Suppose you have 6 bits per pixel. One thing you could do is have 64 colors.
Another thing you could do is use 3 bits for one color palette, giving you 8
colors, but designate one of those colors as a transparency value. If the 3
bits match the transparency color, then refer to the other 3 bits.

This allows you to do stuff like redraw or scroll a lower or upper layer
without changing the bits for the other layer. It takes less processing power
and memory bandwidth to update 3 bits than it does to update all 6.

Oh also, even if the hardware doesn't have an overlay mode, you can make this
happen by filling up your 64-entry color palette carefully.

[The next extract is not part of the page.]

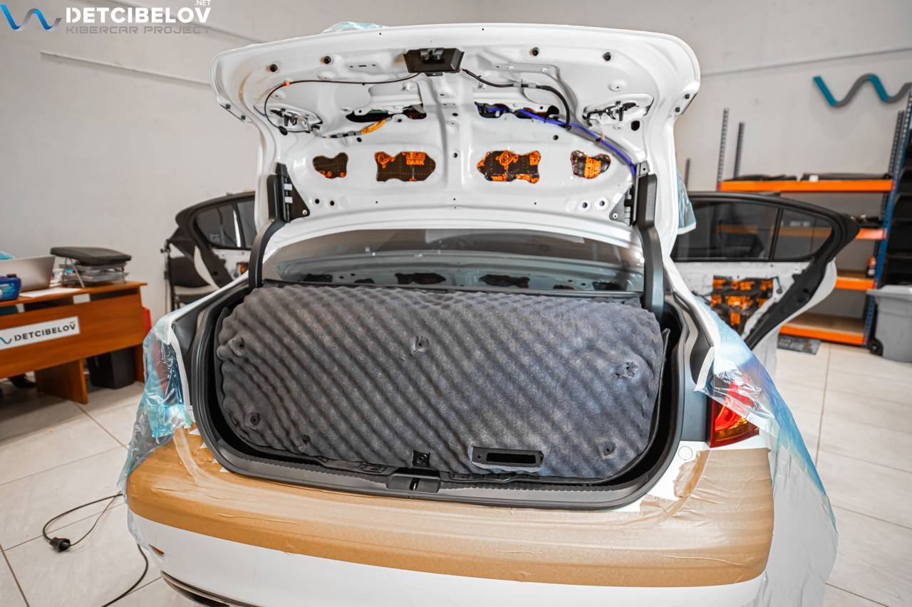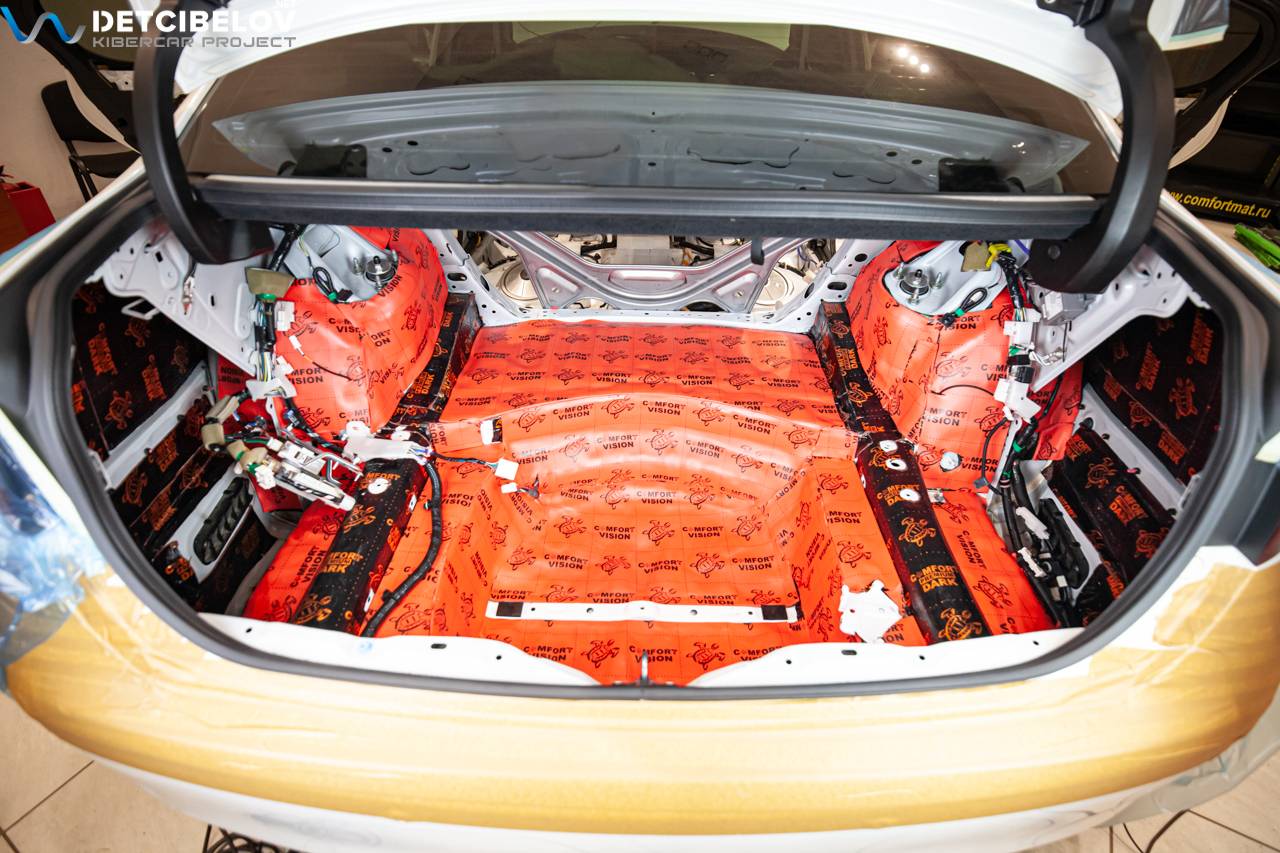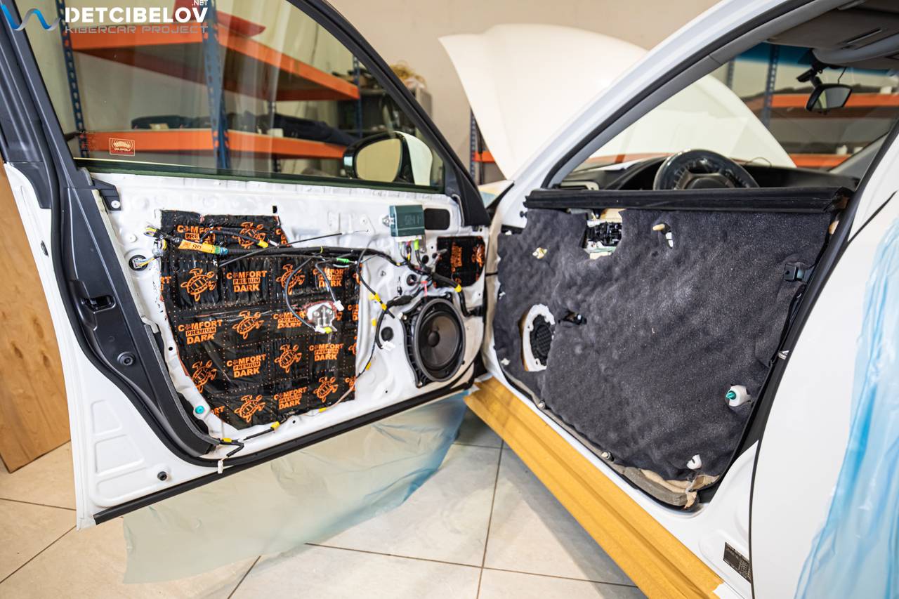 • Никаких компромиссов! Только топовые материалы последнего поколения от ТМ "Comfort mat" с максимальной эффективностью и максимальным количеством слоев. Также использование вибродемпфирующих материалов высокой жесткости с разогревом в печи и дополнительной напыляемой шумоизоляцией для колесных арок.

For example, if you want 000 to be the 3-bit value indicating transparency,
and you want 001 to be pink, you copy the RGB for pink into the palette at
every index that begins with 001. So you set pink in 8 color palette entries
(001000, 001001, 001010, 001011, 001100, 001101, 001110, and 001111). For the
8 colors that make up the other level of your overlay, you just set them once
in the 8 positions that start with your transparency color.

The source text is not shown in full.